Kevin and I are only a few months into our marriage, but I’d like to share a few things that I’m learning both on the Appalachian Trail and also this trail called Marriage. I am certain these experiences will deepen and change with time, because the longer you are in something, of course the more you learn. But for now, here are three lessons I’m learning:
HEAVY BAGGAGE MAKES THE HIKE HARD
It’s inevitable to enter a marriage without emotional & spiritual baggage, but that doesn’t mean you have to keep carrying it. There is an art to learning what you and your spouse need for each day. God doesn’t ask us to carry more than what we need for each day, “Do not worry about tomorrow, for tomorrow will worry about itself. Each day has enough trouble of its own.” (Matthew 6:34). So, part of the work upon entering marriage is recognizing all the unnecessary things you’re carrying and begin the work of letting those things go. For some, this may mean counseling- it may mean breaking old habits, or it may mean being willing to shoulder some of your spouse’s burdens so they can walk a little easier. Whatever baggage you carry, I suggest you take some inventory and begin the process of purging what you don’t need.

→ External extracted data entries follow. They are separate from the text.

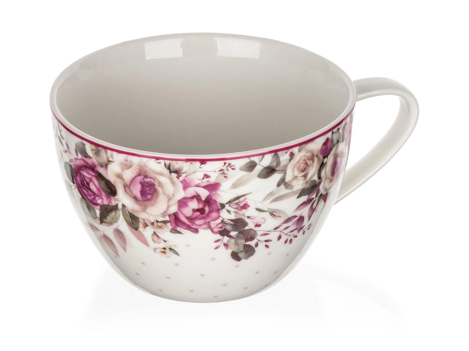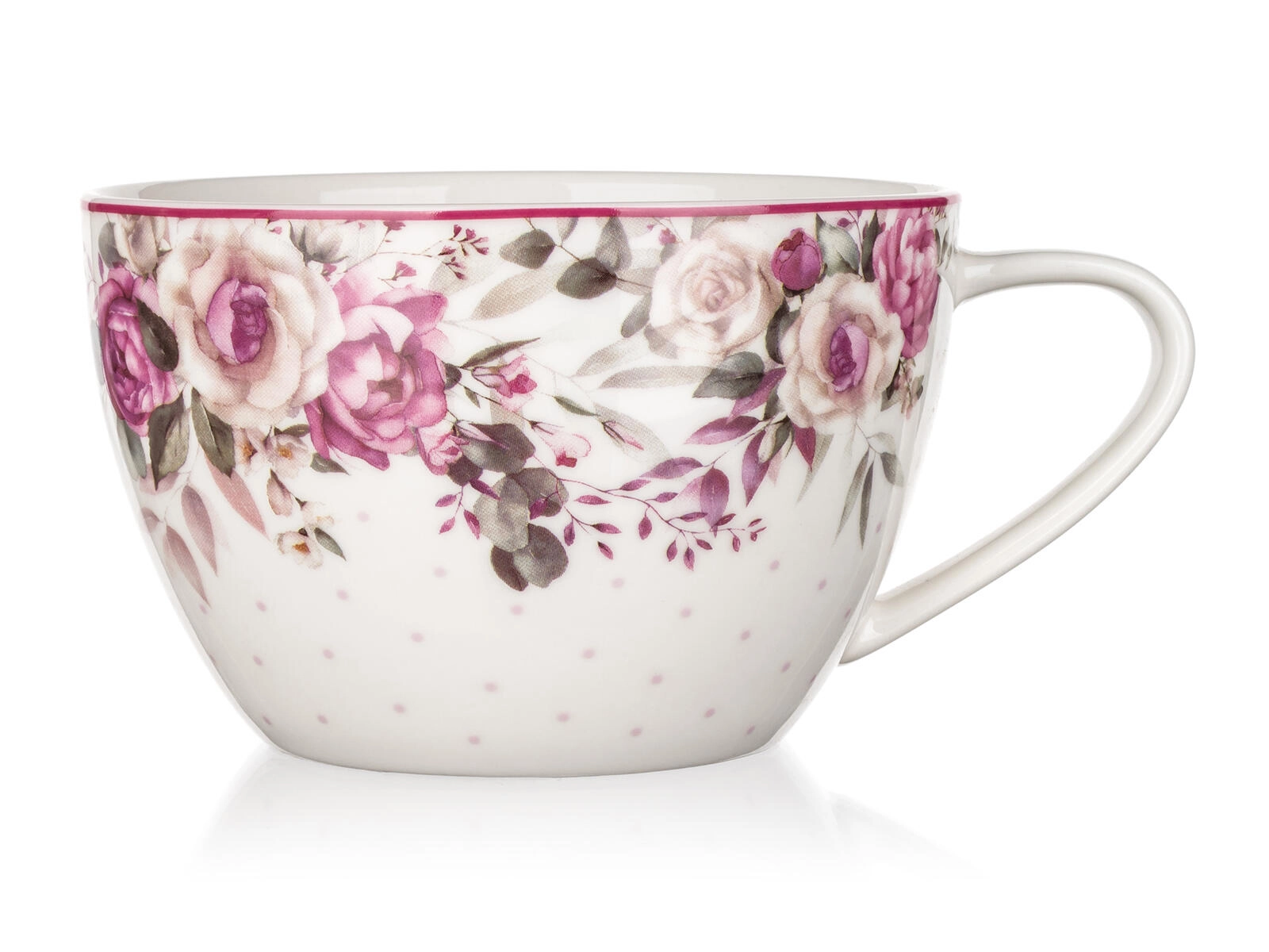 Delikatny motyw róż z różowym rantem dodaje kubkowi stylu i pozwala skomponować zastawę z innymi produktami w tym samym dekorze.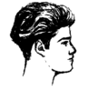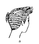 2. Одновременно на височных зонах от линии роста волос над ухом и за ухом также выполняем «сведение на нет» до верхнего овального контура. Окантовка на виске прямая удлиненная (рис а).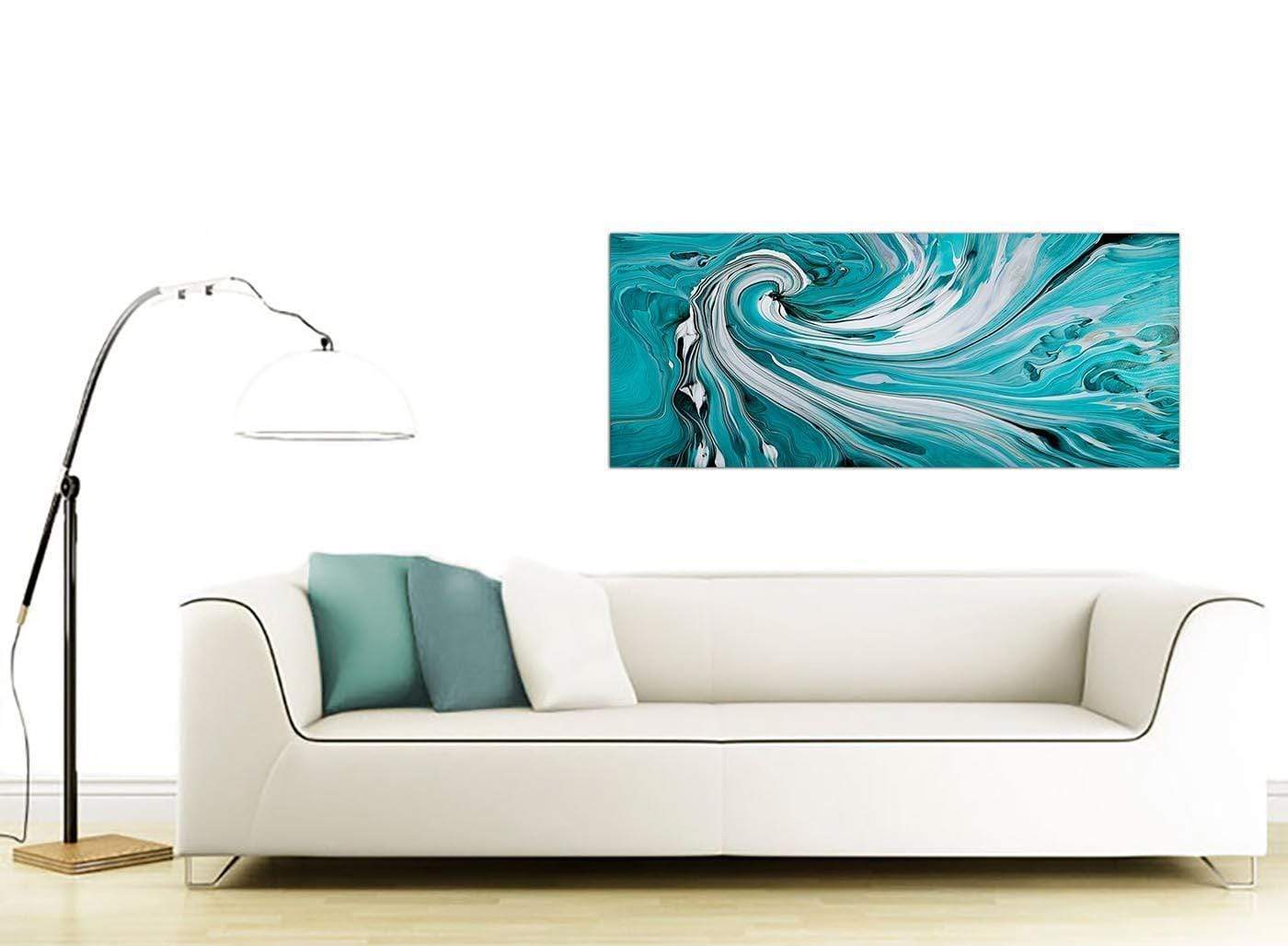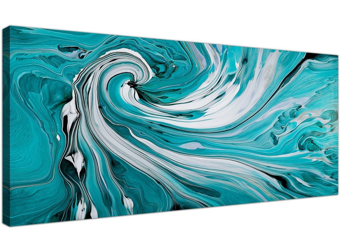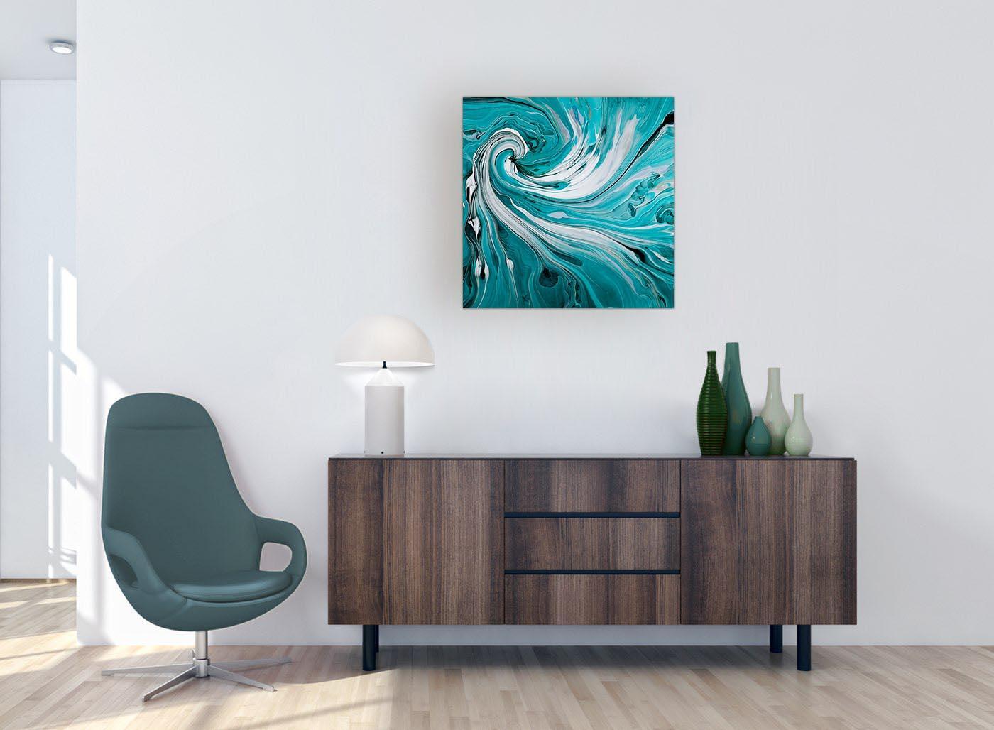 Teal White Grey Modern Swirls Abstract Canvas Art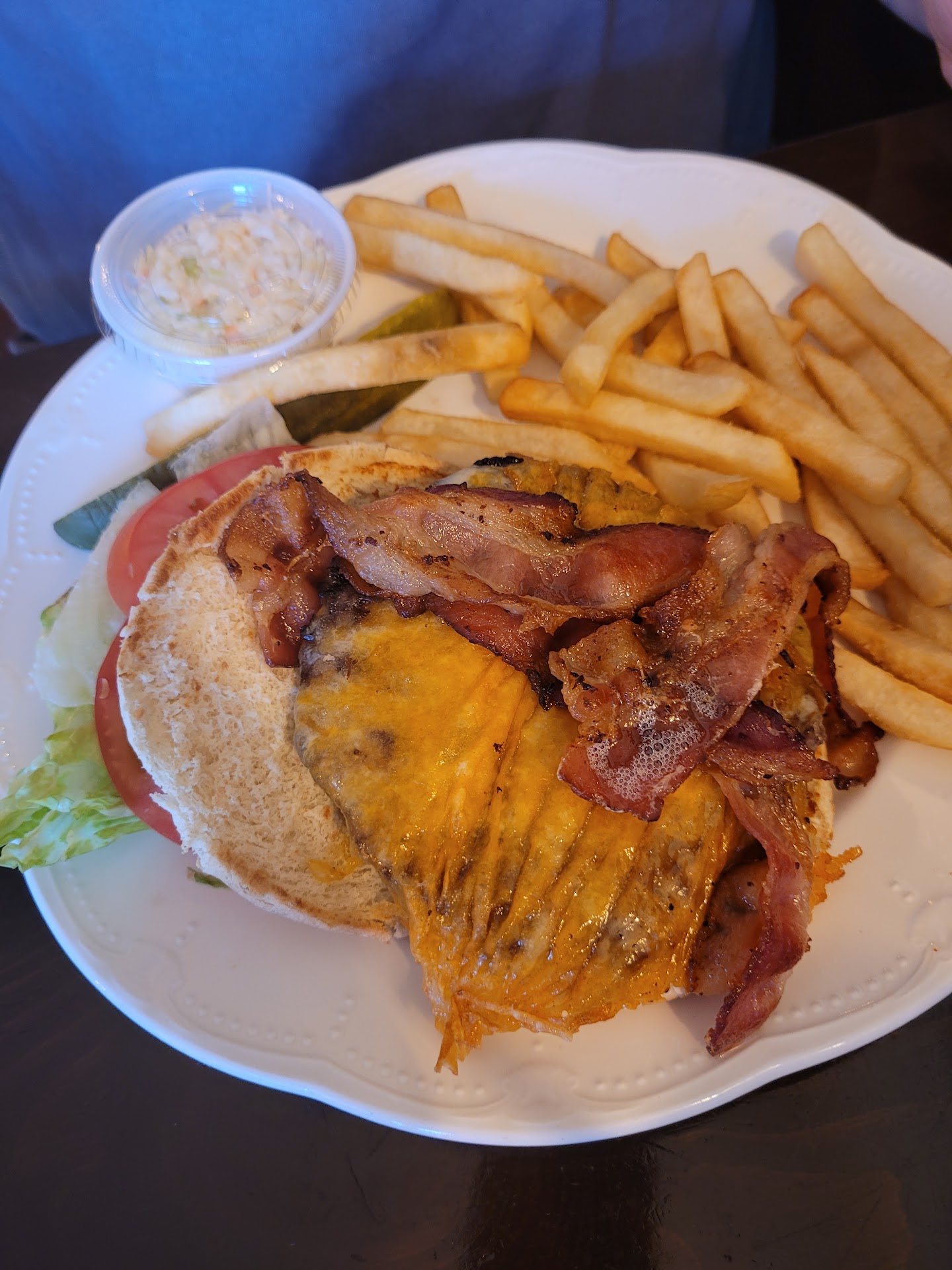 Read moreThis little gem was an amazing find. Very clean and so much character with all the original art pieces on the wall that are for sale. Loved that! We placed our order, and I said I'll be able to judge just by the iced tea that I ordered if the food would be good. Well, I was not disappointed. The tea was bold and refreshing, not watered down at all. Then the food came from a server who was so friendly. The food did not disappoint either. Got my burger, which was done to perfection. That burger was stacked! The sauce on the side is delicious, especially with the onion rings. We will definitely be returning to this gem very soon because I just know that everything on the menu will be...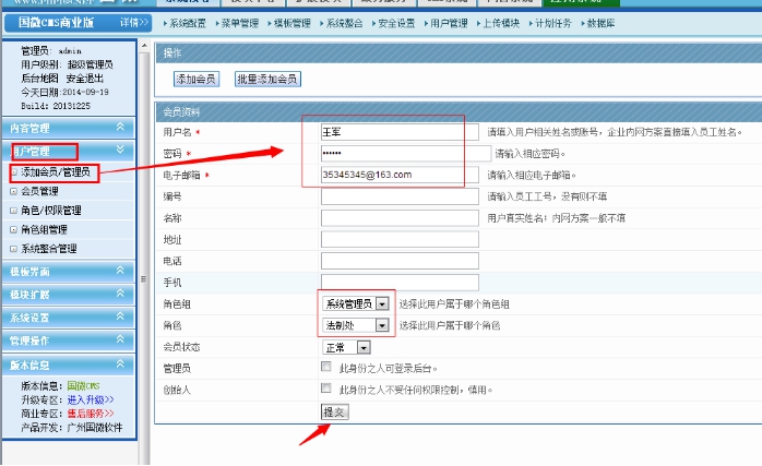 6、這個時候,就可以添加一個會員,給這個法制處的角色。比如,我增加:王軍。下面選擇系統(tǒng)管理員—法制處,不要弄錯。
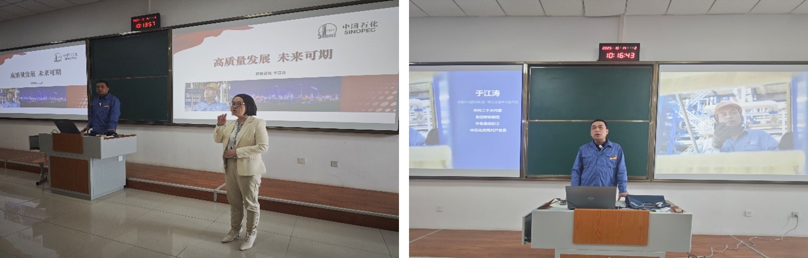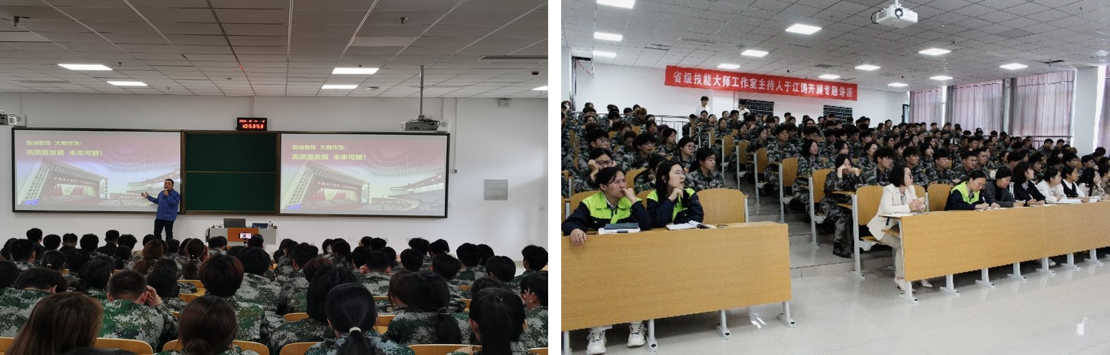 于江涛同志结合自身经历为师生作了《高质量发展 未来可期》的专题讲座。讲座伊始,他通过列举工作现场遇到的问题,介绍了炼油装置基础知识、工艺计算以及常减压蒸馏技术等知识。他以“铁人精神”—王进喜的故事,勉励同学们要有为国争光、为民族争气的爱国主义精神和胸怀全局、为国分忧的奉献精神。他以自研3D虚拟生产装置模拟系统的经历,鼓励同学们成为一个有专业领先的理论知识、有担当一面的操作技能、有敢为人先的创新理念的人。他表示“只要功夫深,铁杵磨成针”,在工作中要能吃苦、敢吃苦、愿吃苦,争做能工巧匠的传承者。于江涛用他的实际行动诠释了“以匠心守初心,以平凡铸不凡”的深刻哲理。同学们表示,作为在石化行业奋斗三十载的长者,他掌心的老茧无言诉说着技艺的精深,鬓角的霜雪默默见证着岁月的沉淀,其言行无不是工匠精神最鲜活的注脚。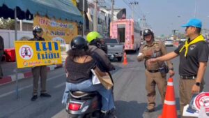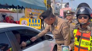 นนทบุรี ตร.แจกสติ๊กเกอร์ เมาไม่ขับ หน้าด่านเตือนใจหลังวันสิ้นปี นนทบุรีติดอันดับ 1 เมาแล้วขับ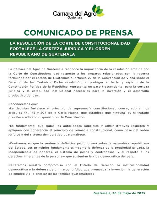 Además, aseguran que con la medida, se reafirma el principio de supremacía constitucional, se brinda certeza jurídica tanto a ciudadanos guatemaltecos como a actores económicos y sociales, nacionales e internacionales, así como se fortalecen los pilares del sistema republicano.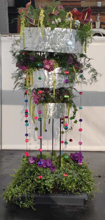 The second task was a table decoration. The theme was ‘Dancing witn the waves’. It had to be a table for two. I made two small tables of paper wire (Oasis) The ‘waves’ are made from iron. The whole construction is placed on thin ‘pillars’ that make it light.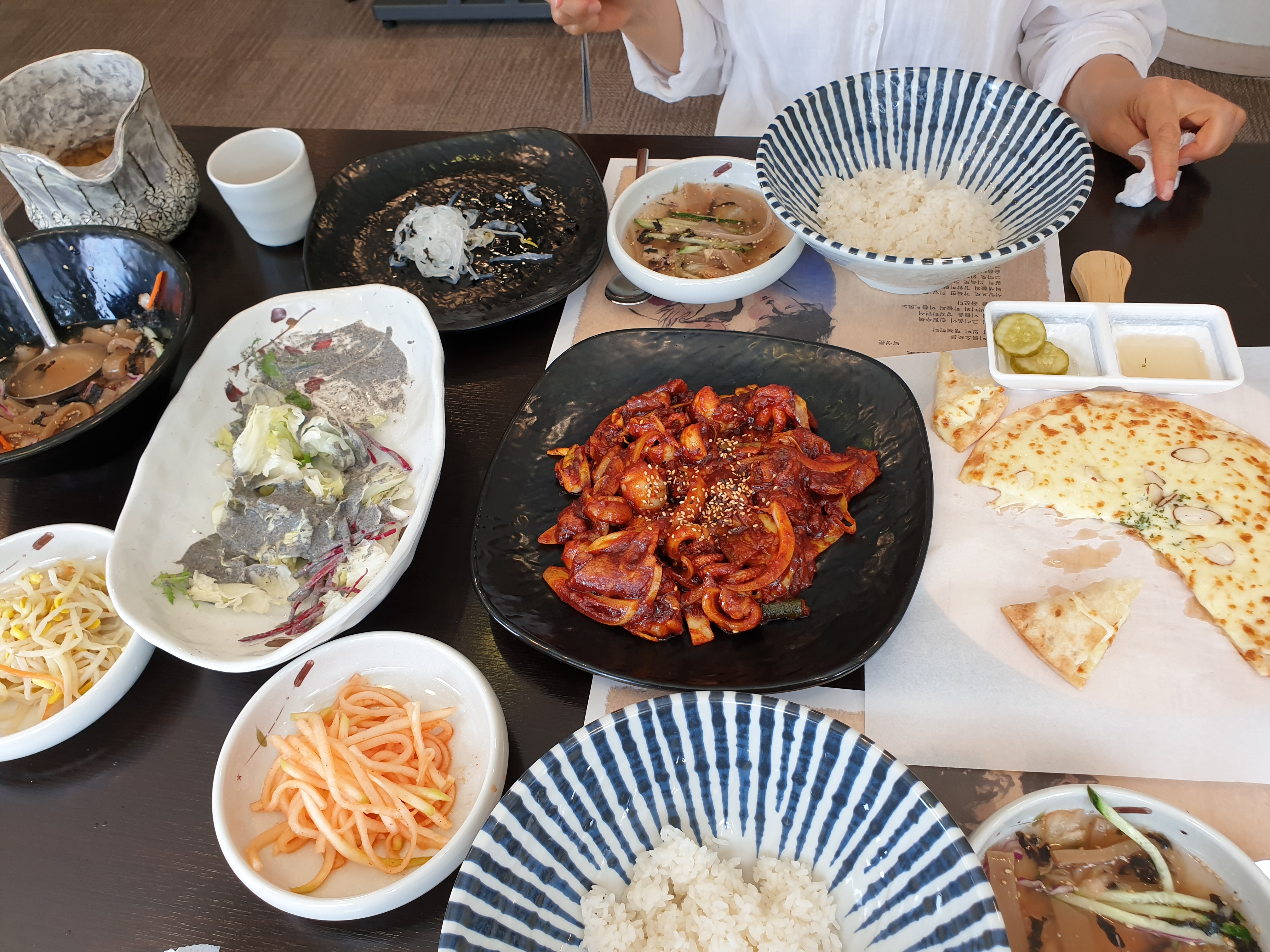 제육쭈꾸미는 사실 너무너무 매웠어요...저번에 직화쭈꾸미도 많이 매웠어서 이번에 덜 맵게 해달라고 말씀드릴까 고민했었는데 안했거든요. 덜 매운 맛이 되는지는 모르겠는데 다음에 갈때는 덜 맵게 해달라고 말씀드리려구요.

Baggage can just really suck.
NO MATTER HOW THOROUGH YOUR PREPARATION,
THE TRAIL WILL BE FULL OF SURPRISES.
Kevin and I did premarital counseling (and of course I suggest you do your homework before you get married!) but no matter how much you plan, anticipate, and pray- things happen that you will not be prepared for. This doesn’t mean you give up. It means you lean on your spouse and work through it. Every serious hiker will tell you that hiking is really dang hard, but totally worth it. Marriage is the same.
THE TRAIL IS TOUGH,
BUT THERE IS ALWAYS SOMETHING TO BE THANKFUL FOR.
Our adversary the devil is a master at hopelessness. Despair in life constricts the heart and renders us incapable of sensing God’s blessings and grace. Satan loves when despair consumes us or consumes our spouse. Regardless the difficulty or challenge you are facing, stop and find reasons to thank the God who gave us life. Making gratitude a habit allows us to experience the goodness of God and the presence of Jesus Christ. Ann Voskamp, a Christian writer, says it like this, “A life contemplating the blessings of Christ becomes a life acting the love of Christ.” When we give thanks, and we look for thanks, we really find the giver behind all those gifts.
And we need that Giver of Gifts in our marriages.